India is getting ready for Chandrayaan-3, which will attempt to land on the moon.



On Wednesday around after 6 p.m. India time, the Vikram lander will touch down at the lunar South Pole.

Prior to this, only the US, China, and Russia have successfully executed a controlled landing on the moon's surface.

The most populous nation in the world is getting ready for its second attempt to land on the moon.

On X, formerly known as Twitter, the agency wrote, "Smooth sailing is continuing.

India has a very low-budget aerospace project, although it has expanded significantly in size and velocity since it launched its first lunar orbiting mission in 2008.

The cost of the most recent mission is $74.6 million, significantly less than that of other nations due to India's cost-effective space engineering.

According to experts, India can keep prices down by using and modifying current space technology, as well as by employing a large number of highly competent engineers who make a small fraction of what their international colleagues do.

In what would be a first for any space mission, Chandrayaan-3, whose name means "mooncraft" in Sanskrit, is slated to touchdown its Vikram lander just after 6 pm (1200 GMT) close to the little-explored lunar South Pole.

The most recent venture comes only days after Russia's first moon mission in over 50 years, which was headed for the same location, crashed on the lunar surface. An earlier Indian attempt in 2019 ended in failure.

The most recent images sent by the lander, according to former Indian space commander K Sivan, are conclusive proof that the mission's last leg would be successful.

It is encouraging that we will be able to complete the landing operation without any issues, he said on Monday, according to AFP.

When a lunar module lost touch with scientists just before it was supposed to arrive four years ago, Sivan said, the Indian Space Research Organisation (ISRO) made adjustments as a result.

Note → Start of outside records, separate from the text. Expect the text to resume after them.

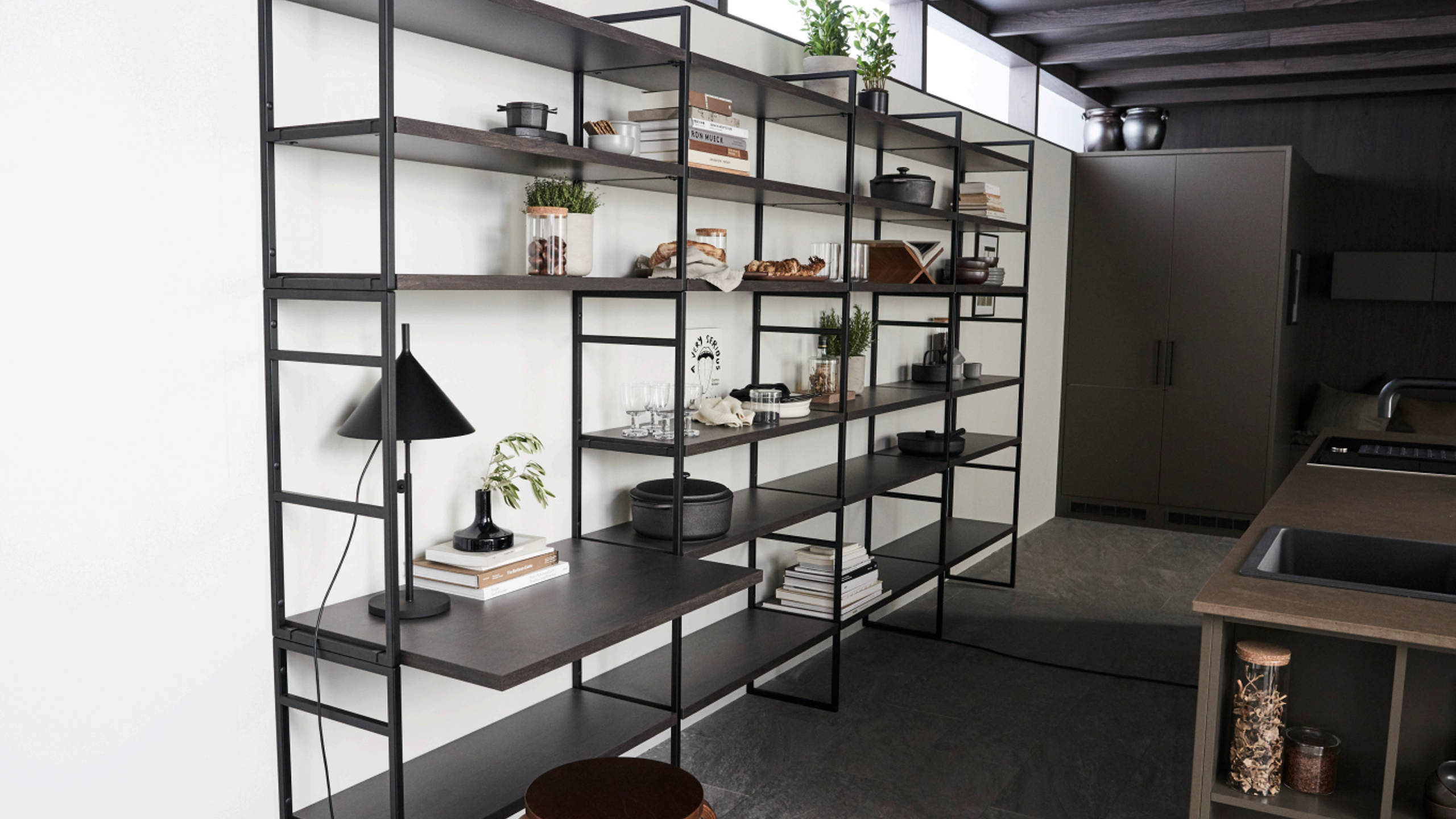 Kjøkken Line Høst med stor vegghylle og integrert skrivebord.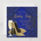 Invitación Fiesta de Cumpleaños Champán Tacón Alto Azul Real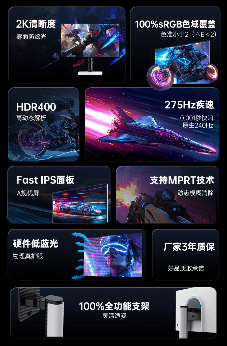 据悉,该显示器拥有丰富的接口,包括 2 个 DP1.4 接口、2 个 HDMI2.0 接口、1 个 USB 接口、1 个 3.5mm 孔和 1 个 DC 接口。搭配旋转升降俯仰支架,支持上下升降、竖屏旋转、左右旋转和前后俯仰。但官方未给出音箱具体参数。
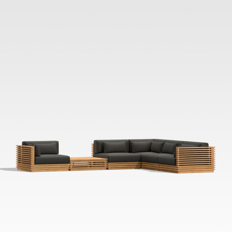 Batten 6-Piece L-Shaped Teak Outdoor Sectional Sofa with Corner Coffee Table & Charcoal Cushions
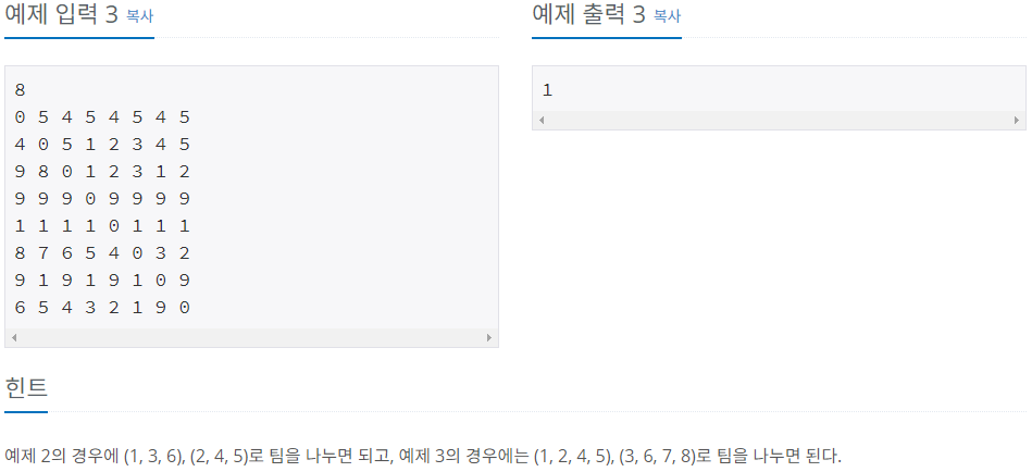 예제 2의 경우에 (1, 3, 6), (2, 4, 5)로 팀을 나누면 되고, 예제 3의 경우에는 (1, 2, 4, 5), (3, 6, 7, 8)로 팀을 나누면 된다.
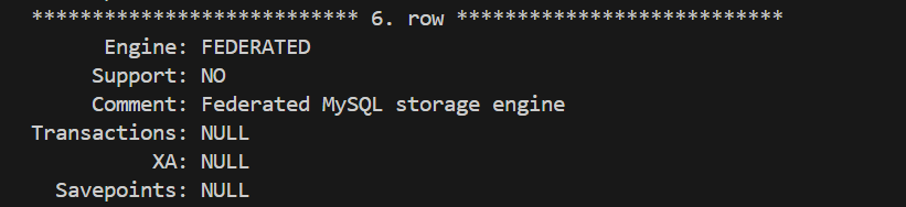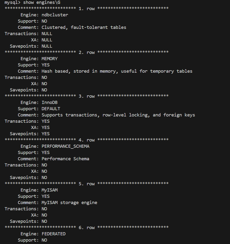 查看当前服务器⽀持哪些存储引擎可以使⽤ SHOW ENGINES 语句, Engine 表⽰:存储引擎的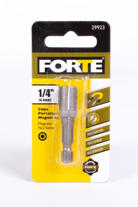 Práctico Porta tuercas magnético que facilita el atornillado de tornillos y tuercas con cabeza hexagonal, fijándolos mientas comienza el trabajo. Posee mango universal de 1/4" adecuado para los sistemas de cambio rápido y para los taladros y atornilladores eléctricos.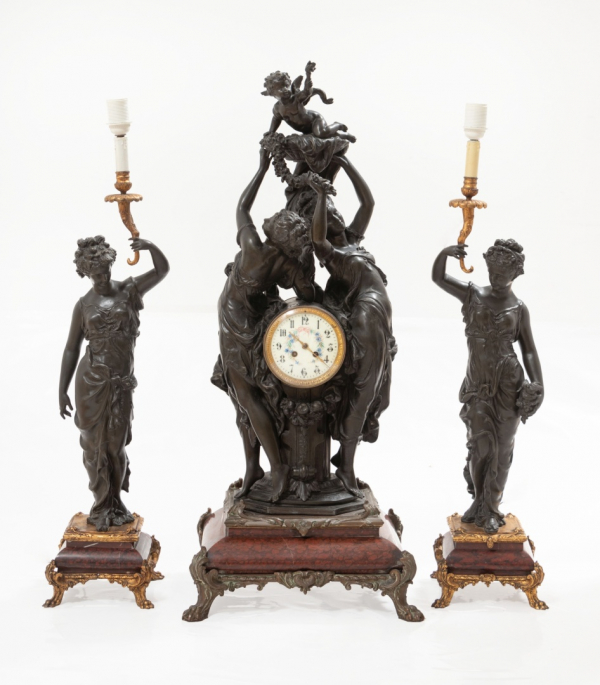 Reloj y pareja de candelabros en calamina patinada con figura representando damas portando candelero dorado con decoración de flores. Estilo Luis XVI. Época Napoleón III. Francia.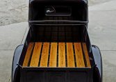 Power is sent to the rear wheels through a GM TH350 three-speed automatic transmission and a B&M torque converter linked to a narrowed Ford9″ rear end with a 3.50:1 limited-slip differential. Other updates include a 15-gallon polyethylene fuel tank and a Holley fuel pump.

"Chandrayaan-3 is going to go with more ruggedness," he said. "We're confident that everything will go as planned, and we expect it to."

 

The Apollo missions of the 1960s and 1970s, which arrived on the moon in a matter of days, were significantly faster in their arrival than the mission that launched nearly six weeks ago in front of thousands of adoring spectators.

India currently employs significantly less potent rockets than the US did at the time. Instead, the probe made many orbits about Earth to pick up speed before beginning its month-long route around the moon.

Sanskrit for "valour," the lander of the spacecraft, Vikram, separated from its propulsion module last week and has been sending back pictures of the moon's surface ever since it entered lunar orbit on August 5th.

The ISRO said on social media the day before the landing that everything was going according to plan and that the mission control centre was "buzzing with energy & excitement."

In addition to planning to send a crewed expedition into Earth's orbit in the coming years, beginning with unmanned test flights in 2024, India made history in 2014 when it became the first Asian nation to orbit a satellite around Mars.

The exploration of the mostly uncharted lunar South Pole by India would provide "very, very important" knowledge to the scientific community, according to Sivan, the former head of ISRO.